Глистра невесело вздохнул. К тому времени, когда река Моншевиор унесет их за пределы стран, известных Озрику и его соплеменникам, до Земного Анклава останется путь длиной шестьдесят две с лишним тысячи километров!

Ночью начался ливень, негде было спрятаться от ревущего ветра. Путники вскарабкались по склону под выступ большого валуна и сидели там, сгорбившись и завернувшись в покрывала, пока ураган Большой Планеты гнал на север блещущие молниями тучи.

Промокшие и замерзшие, они встретили бледно-серый рассвет. На какое-то время дождь кончился, хотя косматые тучи все еще мчались над самой головой – казалось, на расстоянии протянутой руки. Забравшись в гондолы, они расправили маленькие паруса и поспешили вперед под журчащими по тросу колесами.

На протяжении двух часов канатная дорога вела вдоль хребта, и потоки воздуха, поднимавшиеся из долины, толкали гондолы сбоку подобно струям холодной воды. Внизу раскачивался и шумел под порывами ветра низкорослый кустарник с растрепанными сине-зелеными вымпелами листьев. Слева темнела глубокая долина, заполненная серым туманом. Справа панорама почти непрерывно скрывалась за низкими облаками, но когда в них появлялись разрывы, можно было заметить приятный для глаз разнообразный ландшафт: холмы, леса, небольшие озера; несколько раз появлялись и пропадали, как призраки, громоздкие каменные зáмки на возвышенностях.
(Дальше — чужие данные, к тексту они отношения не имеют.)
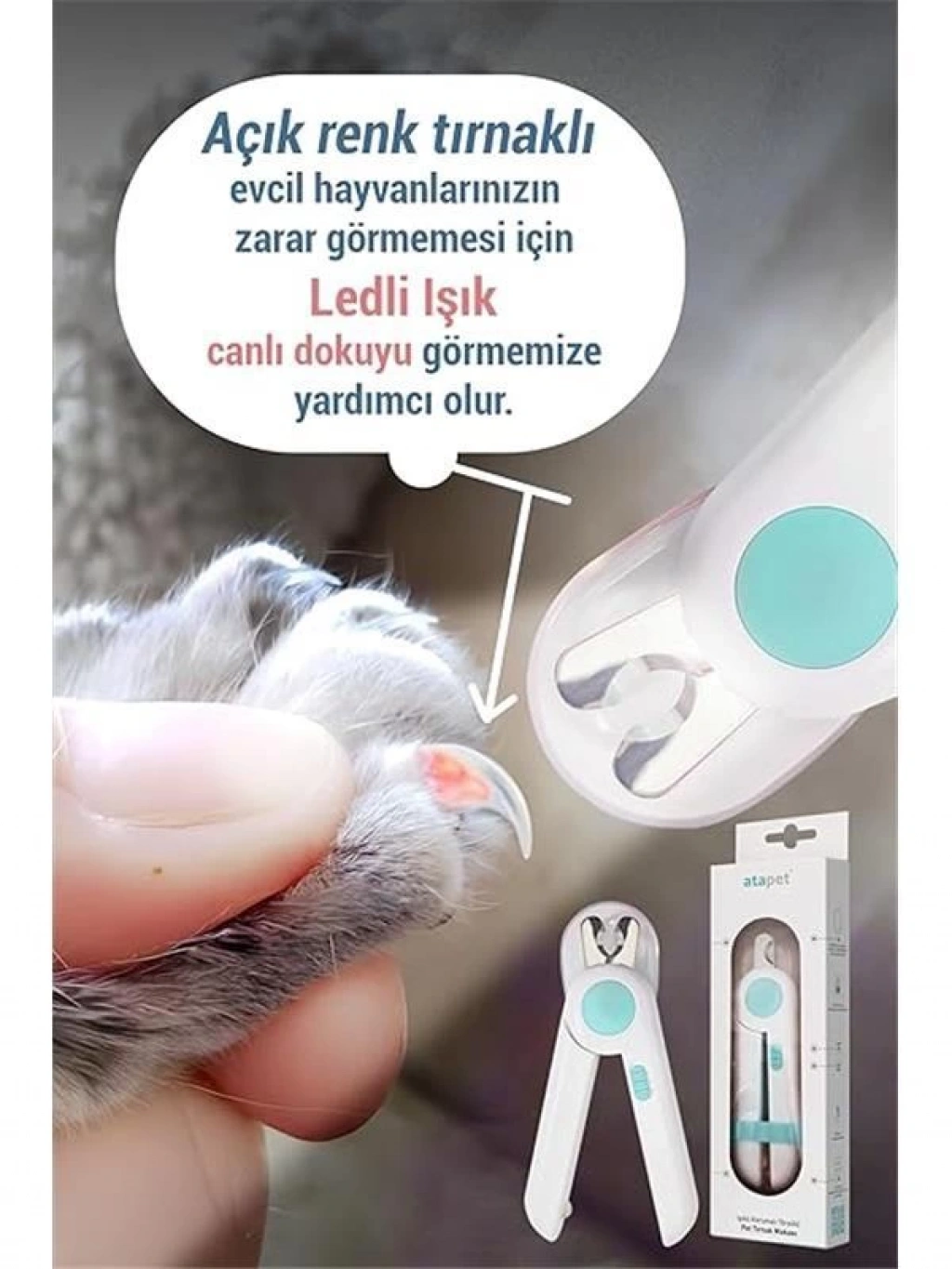 Işıklı Kedi Köpek Tırnak Makası Pet Evcil Hayvanları Için Korumalı Led'li Törpülü Tırnak Makası

Озрик обернулся к Глистре и указал широким жестом направо: «Галатуданская долина, в ее низинах – Гибернийская топь. Страна герцогов, рыцарей и баронов – они только и делают, что грабят друг друга… Не советую бродить по их владениям».

Ветер становился все сильнее. Опасно накренившись, гондола скользила на юго-восток со скоростью, достигавшей ста километров в час – и могла бы мчаться еще быстрее, если бы Озрик не удерживал паруса в плоскости, параллельной ветру.

Примерно час они неслись, раскачиваясь и даже слегка подпрыгивая на тросе, после чего Озрик поднялся с сиденья и стал сворачивать паруса, приглашая других последовать его примеру.

Гондолы подъехали по инерции к площадке, от которой трос поворачивал под прямым углом и устремлялся вниз, в долину. Отсюда невозможно было заметить следующую опору – видно было только уменьшавшийся и пропадавший вдали белесый трос.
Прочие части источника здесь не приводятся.